Janis, Elsie (1889–1956)

views updated

Janis, Elsie (1889–1956)

American actress, musical comedy star, and author. Born Elsie Bierbower in Columbus, Franklin County, Ohio, on March 16, 1889; died at her Beverly Hills home on February 25, 1956; buried beside her motherat Forest Lawn Memorial Park, Glendale, California; daughter of John E. Bierbower and Jane Elizabeth (Cockrell) Bierbower; married Gilbert Wilson (an actor), in 1931.

Elsie Janis was born in Columbus, Ohio, in 1889. Guided firmly by her mother Jane Bierbower , Janis first trod the boards at age eight, making her Columbus debut as the boy Cain in The Charity Ball. The following year, she appeared in Cincinnati stock company productions of Little Lord Fauntleroy, East Lynne, and The Galley Slave. Under the management of E.E. Rice, Janis was off to New York in 1900, working the vaudeville stage at the Casino Theater Roof Garden as "Little Elsie"; she followed that with a three-year tour. Her first substantial hit came in 1905, when she appeared at the New York Theater Roof Garden in When We Were Forty-One, in which her imitations of popular actors of the day created a furor.

In 1906, Janis starred on Broadway as Dorothy Willetts in The Vanderbilt Cup, which had a seasonal run and subsequent tour. The following year, she was again successful playing Joan Talbot in The Hoyden at the Knickerbocker Theater. She was also seen as Cynthia Bright in The Fair Co-Ed (1908), as Princess Kalora in The Slim Princess (1909), and as Cinderella in The Lady of the Slipper (1912). Her London debut came in 1914, when she portrayed Kitty O'Hara in The Passing Show at the Palace. Again, she met with phenomenal success.
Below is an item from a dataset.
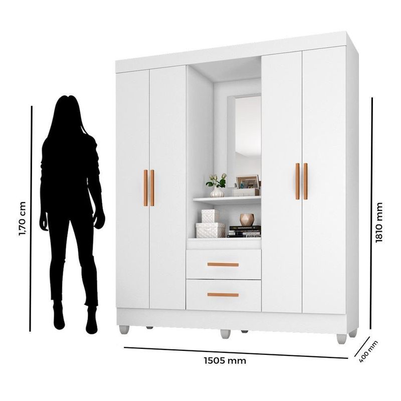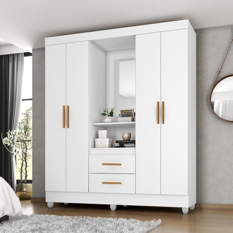 Guarda Roupa Casal Capela Branco Brilho - Móveis LeãoGuarda Roupa Casal Capela Branco Brilho - Móveis LeãoGuarda-Roupa Casal Capela da Móveis Leão, na cor Branco Brilho, ideal para quem busca elegância e funcionalidade. Possui ótimo espaço interno para organizar roupas e acessórios, com design moderno que valoriza o ambiente. Acabamento brilhante, resistente e fácil de limpar, perfeito para deixar o quarto mais bonito e organizadoCaracterísticas Técnicas- Material da estrutura em MDP- Acabamento em pintura U.V- 4 Portas- 3 Gavetas- Cabideiros em alumínio- Prateleiras- Dobradiças metálicas- Corrediças telescópica- Puxadores em MDF- Possui espelho- Amplo espaço interno- Design modernoDimensões:Altura: 181 cmLargura: 165 cmProfundidade: 47 cmAtenção: Não nos responsabilizamos pela montagem ou instalação do produto, porém acompanha manual de instruções.Importante: Imprescindível a conferência no ato da entrega. Em caso de anormalidade, recuse.

During World War I, the 18-year-old Janis toured the trenches of France for some months, becoming known as the "sweetheart of the American Expeditionary Force" as she entertained the troops. In New York, she starred in Miss Information (1915), The Century Girl (1916), Miss 1917 (1919), Elsie Janis and her Gang (1922), and Puzzles of 1925 and Oh, Kay! (1925). She also took her La Revue de Elsie Janis to the Apollo in Paris (1921). By then, she had long been an international celebrity.

In 1939, Elsie Janis made her farewell stage appearance in Frank Fay's vaudeville Laugh Time; she also gave a series of Sunday night performances of songs and impersonations. The multitalented Janis appeared in silent and talkie films, composed over 50 songs, penned the screenplay for Close Harmony, starred in her own revues and plays A Star for a Night (1911) and It's All Wrong (1920), for which she was also co-composer, staged New Faces of 1934, and wrote several books (Love Letters of an Actress, If I Know What I Mean, as well as her autobiography

So Far So Good, 1932). Her only marriage, which ended in separation, came at age 42 to actor Gilbert Wilson.